In his mid-afternoon press conference, Brown appeared to misunderstand journalists' questions and was very defensive.
The impression he conveyed was that he felt he and his key advisers simply knew best and that it was inappropriate to call into question their actions.
He knew best
He dismissed the actions of those councillors who on Friday night had stepped into the void of leadership caused by his inaction, appearing to suggest this was an effort to ‘compete’ with him.
If that is indeed what he meant, that is ego getting in the way of his ability – and duty – to do the right thing.
A recently published review of crisis leadership research emphasises some key competencies: communicating, sense-making, decision-making, coordinating teamwork and facilitating learning.

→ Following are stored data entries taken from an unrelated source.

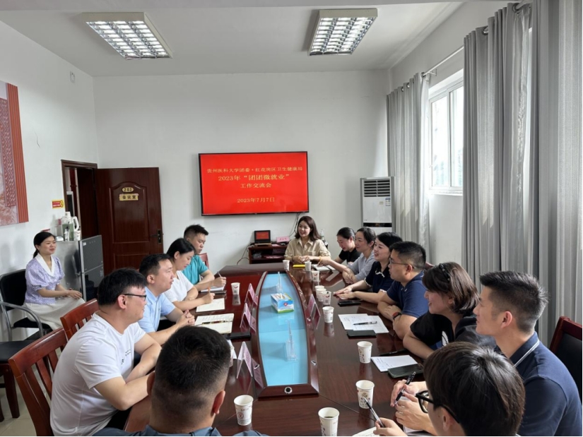 在遵义市红花岗区卫生健康局,卫生健康局党委委员、卫生事业服务中心主任卢小飞,介绍红花岗区医疗布局和各类别机构发展情况,他希望双方可以在人才培养、校地融合等方面展开密切合作。王妤煜对红花岗区卫生健康局给予学校今年暑假“三下乡”社会实践活动的大力支持表示感谢,希望双方继续加强在就业创业,实训基地等方面的交流合作。与会人员围绕“团团微就业”、大学生暑期“三下乡”社会实践、社区结对帮扶等工作展开深入探讨和交流。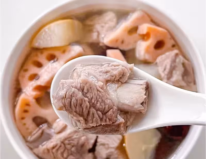 食材: 蓮藕、鐵棍山藥、梨、蓮子、百合、銀耳 瘦肉/骨頭 做法: ①將肉切塊冷水下鍋加入蔥姜,料酒焯水洗凈備用 ②所有食材一起放鍋里煲1小時(也可添加幾顆紅棗) ③加入適量鹽調味即可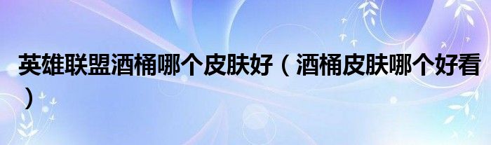关于英雄联盟酒桶哪个皮肤好,酒桶皮肤哪个好看这个很多人还不知道,今天菲菲来为大家解答以上的问题,现在让我们一起来看看吧!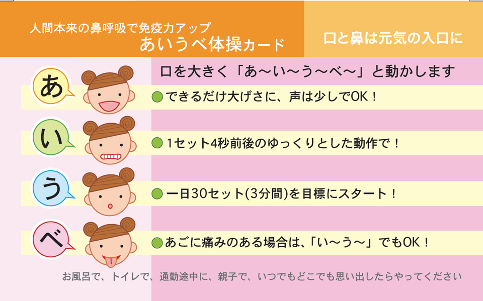 舌の衰えを改善し、頭や顔、噛み合わせも同時によくするのにオススメなのは、今井先生が考案した「あいうべ体操」で、とても簡単に今すぐできます。
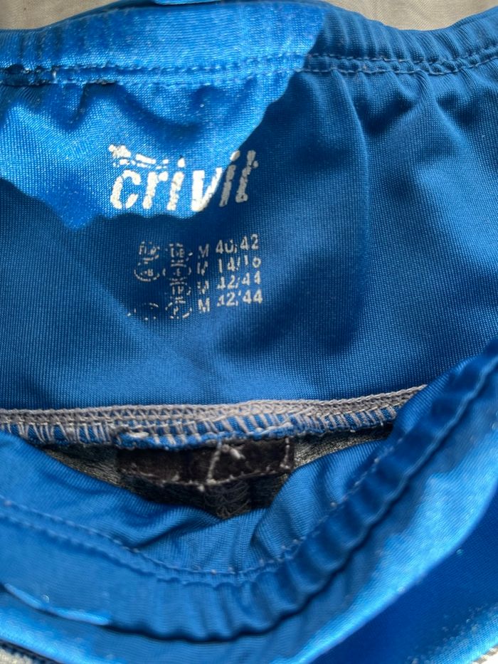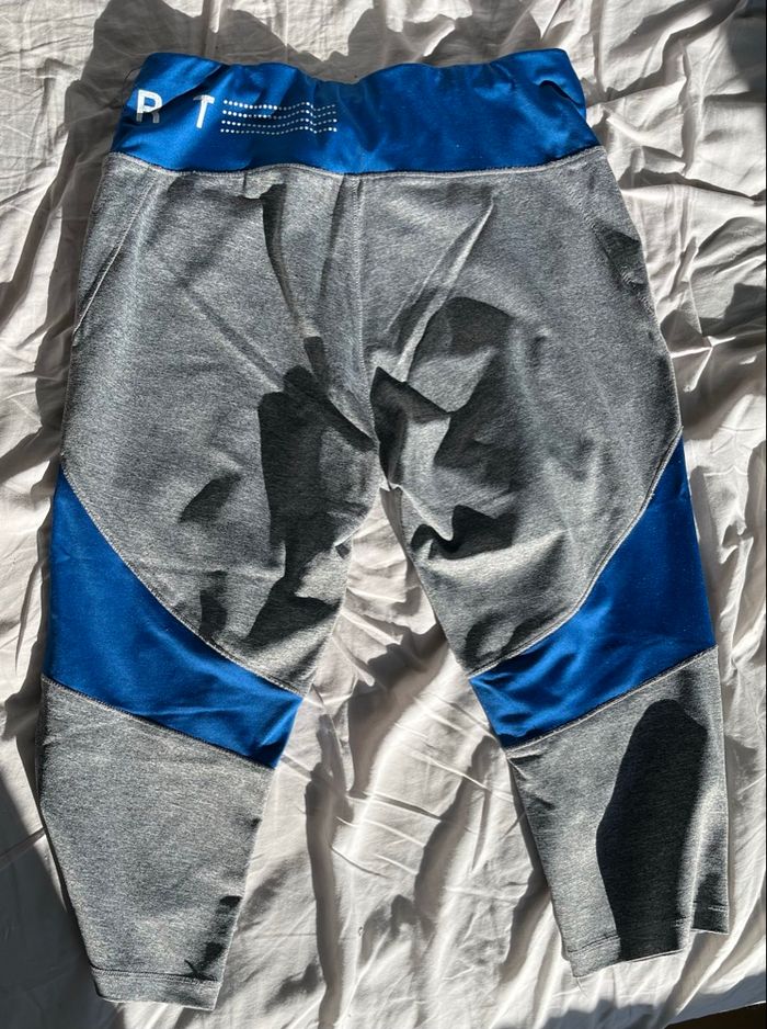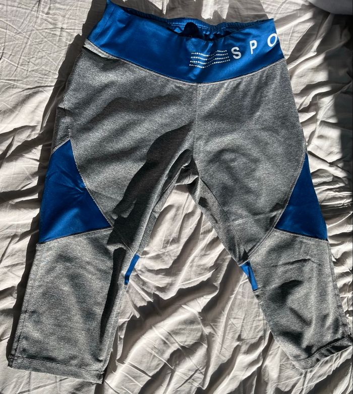Pantacourt de sport gris et bleu Écrit sport au niveau de la taille Marque : Crivit Taille : M 40/42
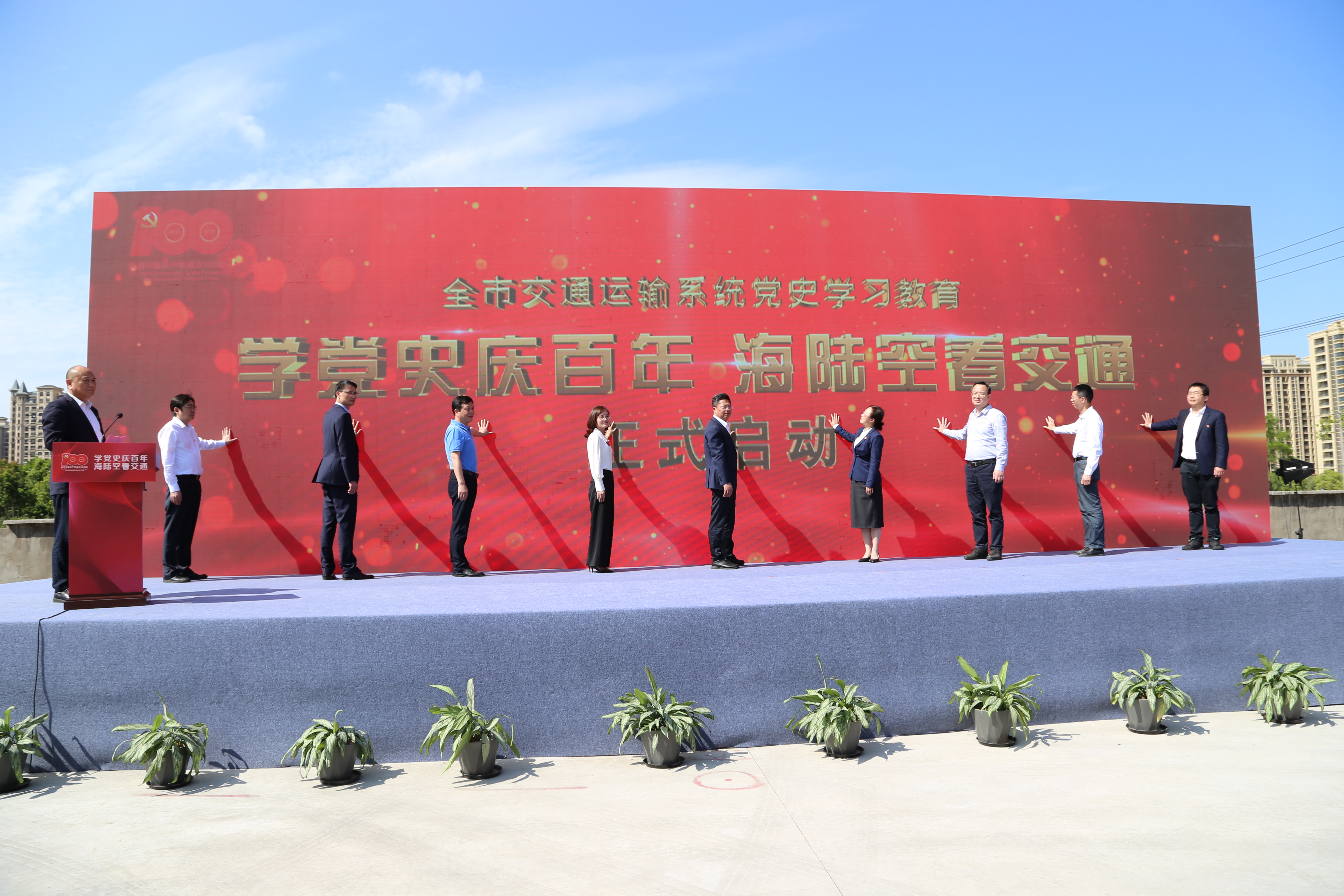 4月26日,全市交通运输系统党史学习教育“学党史庆百年,海陆空看交通”活动启动仪式在集团金丽温高速公路东延线工程产学基地举行。市交通运输局党委书记、局长项伟胜,市委宣传部副部长叶艳,温州日报报业集团党委委员、副社长王丹容,集团党委副书记周列茅等领导出席此次会议。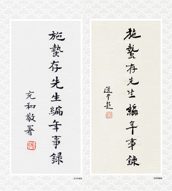 最让我动怀的是,施老与充和两人的交情一直延续到下一代的师生传承关系。在施先生去世四五年之后,有一天我忽然接到上海陈文华教授的来信,她告诉我,施老的另一位弟子沈建中正在编一部《施蛰存先生编年事录》,希望我能帮他索求张充和女士的题字。我接信后立刻赶到充和处。充和看信后十分激动。她那时已经95岁高龄,但一听说是老朋友施蛰存的学生要的题字,就立刻起身“奋笔成书”。她一直叹道:“我万万没有想到,在老朋友离世之后,还有机会为他题字……”但她又说:“我今天写的,只是练习而已。你是知道我的,我每次题字,至少要写上数十遍,在纸上写了又写,试了又试,直到自己完全满意之后,才能算数。你改天再来拿吧!”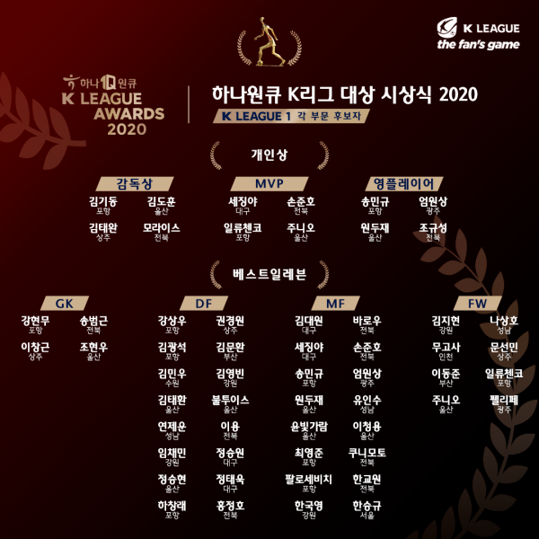 최우수감독상 후보에는 김기동(포항), 김도훈(울산), 김태완(상주), 모라이스(전북) 등이 이름을 올렸고, 영플레이어상은 송민규(포항), 엄원상(광주), 원두재(울산), 조규성(전북)이 경쟁한다.

A competent leader, then, knows that people need to see and hear from them as quickly as possible when a crisis is unfolding.
Even if you do not know all the answers – if sense-making is a still work in progress – it’s still important to be there, show you’re listening, that you care and to instil confidence in those you lead that you're doing all you can to help.

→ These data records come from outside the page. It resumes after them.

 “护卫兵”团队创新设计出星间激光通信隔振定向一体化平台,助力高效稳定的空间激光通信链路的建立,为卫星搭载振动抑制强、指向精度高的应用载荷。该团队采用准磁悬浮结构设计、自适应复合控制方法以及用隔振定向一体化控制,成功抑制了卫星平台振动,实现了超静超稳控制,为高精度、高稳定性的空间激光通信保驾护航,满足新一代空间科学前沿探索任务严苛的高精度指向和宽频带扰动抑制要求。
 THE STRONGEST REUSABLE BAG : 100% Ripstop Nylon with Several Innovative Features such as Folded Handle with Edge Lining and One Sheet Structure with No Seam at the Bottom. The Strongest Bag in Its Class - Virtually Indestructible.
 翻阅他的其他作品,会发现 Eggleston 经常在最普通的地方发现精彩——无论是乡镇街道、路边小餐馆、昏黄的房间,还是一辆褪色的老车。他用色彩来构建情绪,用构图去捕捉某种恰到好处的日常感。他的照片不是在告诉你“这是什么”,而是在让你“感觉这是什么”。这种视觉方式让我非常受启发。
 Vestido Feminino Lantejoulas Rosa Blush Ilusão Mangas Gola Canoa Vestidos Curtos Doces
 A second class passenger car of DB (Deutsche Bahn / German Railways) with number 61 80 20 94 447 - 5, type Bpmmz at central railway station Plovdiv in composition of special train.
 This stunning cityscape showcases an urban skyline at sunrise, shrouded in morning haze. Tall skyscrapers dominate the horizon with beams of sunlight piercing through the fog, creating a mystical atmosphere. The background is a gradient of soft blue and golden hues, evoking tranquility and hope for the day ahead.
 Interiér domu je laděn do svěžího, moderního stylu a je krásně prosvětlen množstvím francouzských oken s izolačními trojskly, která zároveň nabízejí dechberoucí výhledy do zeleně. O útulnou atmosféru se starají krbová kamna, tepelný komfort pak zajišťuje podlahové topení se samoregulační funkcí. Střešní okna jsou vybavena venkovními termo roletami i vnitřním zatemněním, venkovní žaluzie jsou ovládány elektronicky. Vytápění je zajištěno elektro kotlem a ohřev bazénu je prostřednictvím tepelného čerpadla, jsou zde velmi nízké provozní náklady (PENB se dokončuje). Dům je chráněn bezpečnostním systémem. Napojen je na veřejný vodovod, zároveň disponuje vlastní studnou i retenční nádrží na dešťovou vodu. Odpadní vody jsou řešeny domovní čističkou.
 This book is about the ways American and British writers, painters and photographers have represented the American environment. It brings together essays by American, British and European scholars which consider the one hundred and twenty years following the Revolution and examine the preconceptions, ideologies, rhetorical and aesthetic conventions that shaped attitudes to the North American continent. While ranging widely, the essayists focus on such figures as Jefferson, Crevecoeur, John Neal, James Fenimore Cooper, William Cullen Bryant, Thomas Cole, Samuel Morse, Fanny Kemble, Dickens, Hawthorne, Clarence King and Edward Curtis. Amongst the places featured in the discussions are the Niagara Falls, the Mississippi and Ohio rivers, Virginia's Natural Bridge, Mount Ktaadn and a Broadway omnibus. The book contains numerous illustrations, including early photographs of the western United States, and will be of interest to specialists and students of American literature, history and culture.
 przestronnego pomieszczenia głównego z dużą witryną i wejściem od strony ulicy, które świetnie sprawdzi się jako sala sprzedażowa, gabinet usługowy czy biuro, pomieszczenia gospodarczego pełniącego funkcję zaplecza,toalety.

That's what we should have seen from the mayor on Friday and Saturday. It may be challenging – but it's also not rocket science.

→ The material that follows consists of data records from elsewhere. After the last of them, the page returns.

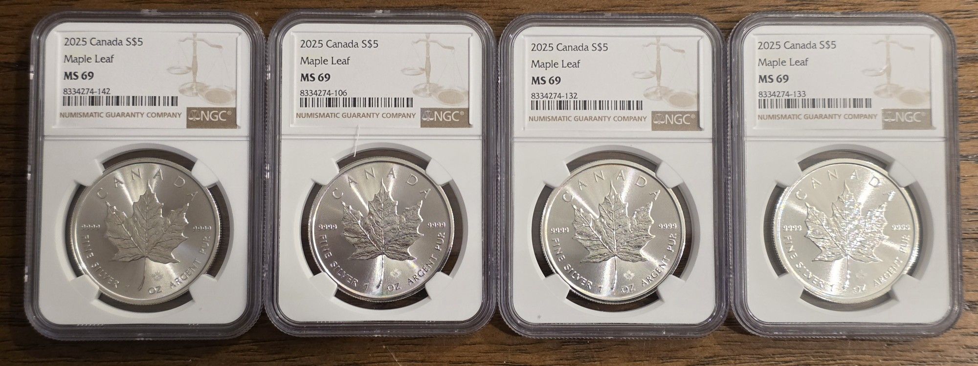 Four 2025 Silver Maple Leaf .9999 Fine Silver Rounds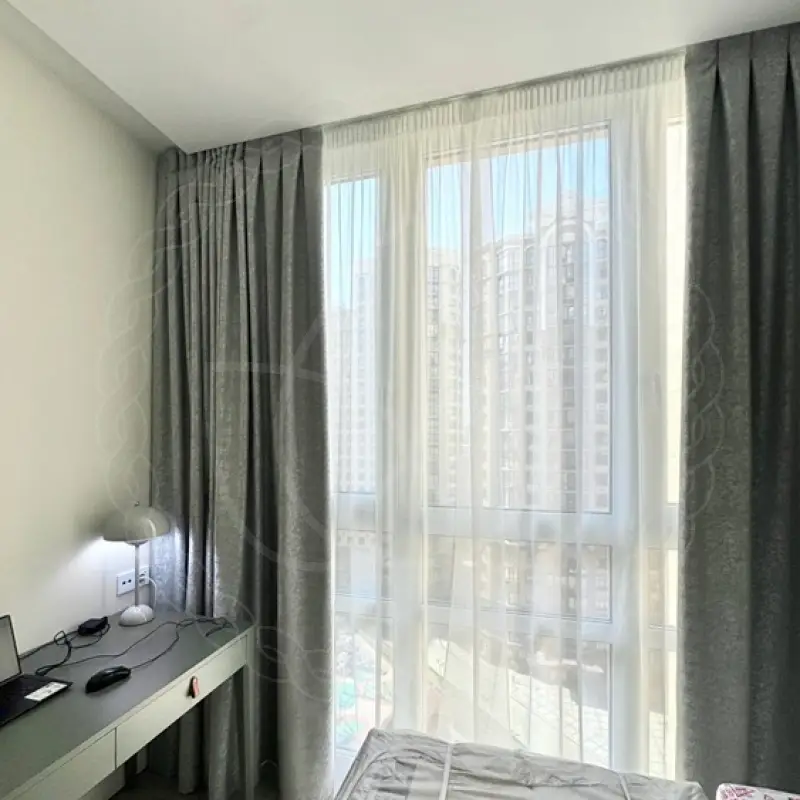 Для маленькой спальни с панорамным окном во всю стену мы предложили вариант с традиционным сочетанием из тюля и портьер. Поскольку интерьер довольно лаконичный, материал для них подобрали с выразительной фактурой — жаккард с тканым узором и сетчатый тюль.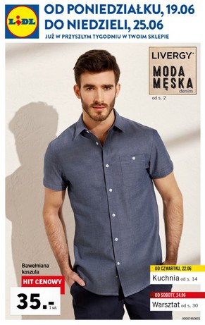{loadposition linkLidl} Nowa gazetka promocyjna Lidl - "Moda męska". Polecane promocje z gazetki sklepów Lidl: Bawełniana koszula - 35 zł. Jeansowe bermudy - 33 zł. Skórzane mokasyny - 69,90 zł. Oferta ważna od 19.06…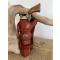 Ce holster est fabriqué dans un cuir de qualité. Le cuir utilisé est un cuir Tannage Végétal Naturel qui a été teinté, graissé et protégé avec des produits de la marque FIEBING. Les coutures de ce holster sont entièrement réalisées à la main, à l’aide d’un fil polyester tressé et ciré, garantissant solidité et durabilité. Ce choix de fil assure une excellente tenue des assemblages et contribue à la longévité de l’article. Par ailleurs, les photographies incluant un appareil de mesure sont fournies à titre indicatif et servent uniquement à donner une estimation moyenne de l’épaisseur du cuir utilisé.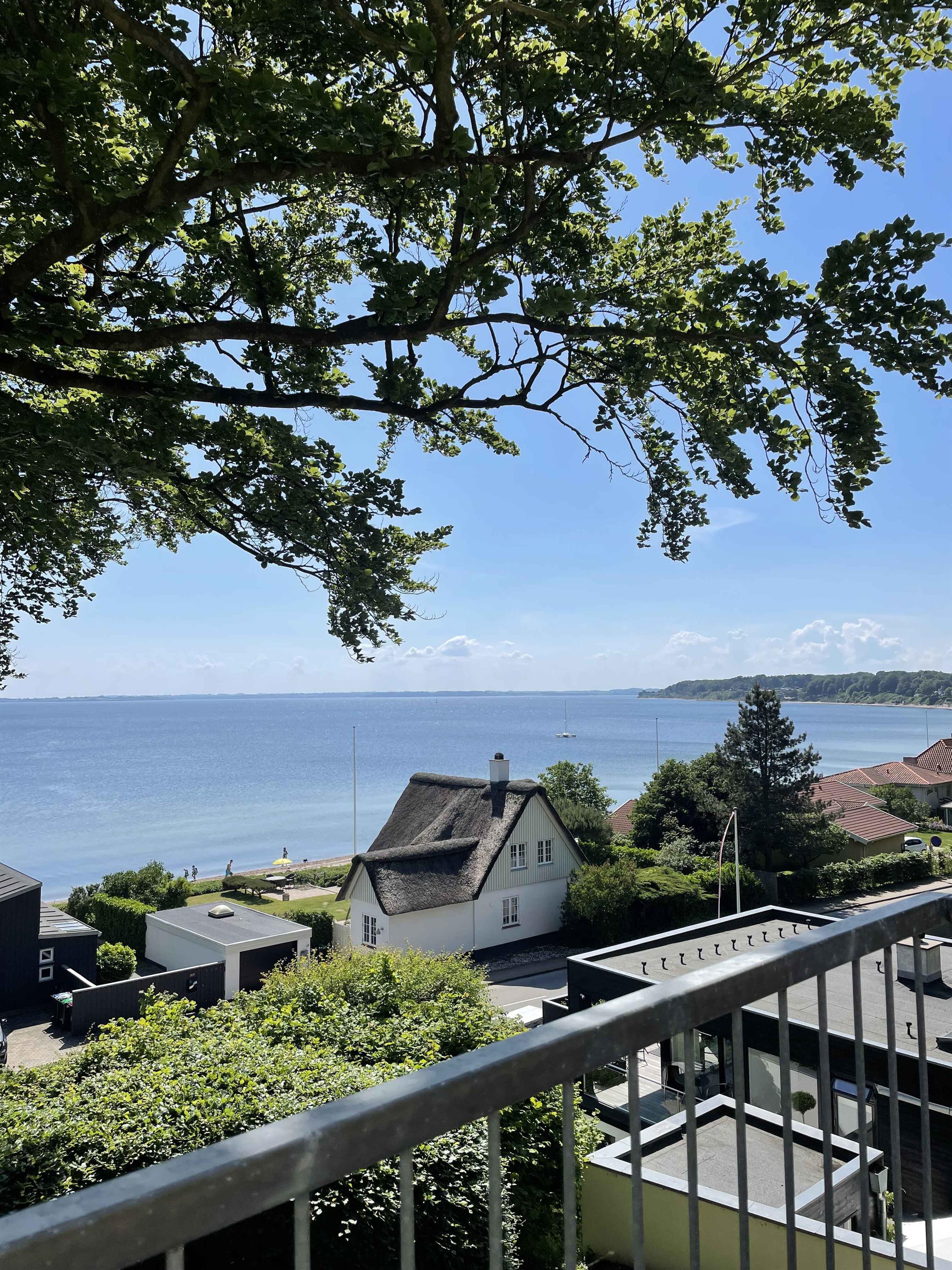 Panoramaudsigt, 50 m til vandet, ladestander, have i forskellige plateauer, med skoven som baghave, det sidste stykke vej op til huset er stejl, badehotelstil, tæt på Christiansfeld, som er på Unescos liste

It was clear on Sunday that the mayor is now seeking to demonstrate at least some of these kinds of leadership behaviours.
Communications are flowing and he is out and about.
Whether Aucklanders will be willing to forgive or move past what the events of Friday and Saturday exposed to us about his character, only time will tell.
Declaration regarding conflict of interest: I declare that I am not now nor have I ever been a member of any political party.